UTF-8 slugs for categories

Is it possible to add? When I create category with russian name, links to it converts to SEO-friendly latin letters. And that’s awesome! I bet it’s possible to do same with nicknames. If name on russan / japanese / hindi, it can be converted to latin version and you can use it for links to user profiles, but show localized UTF-8 one on pages.

1 Like

Planned at some point see:

2 Likes

The ASCII conversion for slugs is not so SEO-friendly as it could.

For example, “Nos Œuvres Cachées” could produce nos-oeuvres-cachees (ASCII) but actually produce nos-uvres-cachees, which breaks words.

An UTF-8 character is automatically replaced with a -, which often breaks in non-English languages (e.g., in French, German, and other languages with lots of accents). In German, the umlaut (e.g., ü) is traditionally replaced with ue in URLs.

(Feel free to move this post to a new topic.)

2 Likes

Discourse uses transliteration rules to replace Unicode characters with ASCII characters. The rules depend on the site’s default_locale.

It works perfectly fine for German (transliterate.de.yml). It doesn’t work for French because there are no transliteration rules yet.

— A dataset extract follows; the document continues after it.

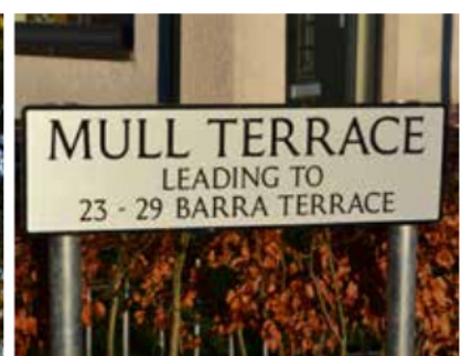
A 'Gaelic Village' existed in the Claverhouse and Mill O' Mains area, a link retained by street names in the area

EDIT: Oh, looking at the output below, it actually matches your preferred “nos-oeuvres-cachees”. I’m not sure why… Maybe Rails started to include transliteration rules by default? :thinking:

[1] pry(main)> SiteSetting.default_locale = :de
=> :de
[2] pry(main)> Slug.for("Küche", "")
=> "kueche"
[3] pry(main)> SiteSetting.default_locale = :fr
=> :fr
[4] pry(main)> Slug.for("Nos Œuvres Cachées", "")
=> "nos-oeuvres-cachees"

Could you create a PR with French transliteration rules?

1 Like

I took an example, maybe this was a bad one. But thank you for the console tips, I will definitely have a look and see if I can play with the transliteration files, if there’s a way to customize some transliteration cases to override the defaults it could be nice to have.

I’d be happy to do so, but I’m already overbooked. Maybe someone in the @translators group (especially people in the Quality of French Translations topic) would be faster than I could.)

I was concerned about a couple of edge-cases that would rather be solved by overriding rules (e.g., sometimes you want a subscript number to be replaced with a normal number or nothing rather than -, e.g., writing CO₂ would rather be changed to co2 than co :slight_smile: )

1 Like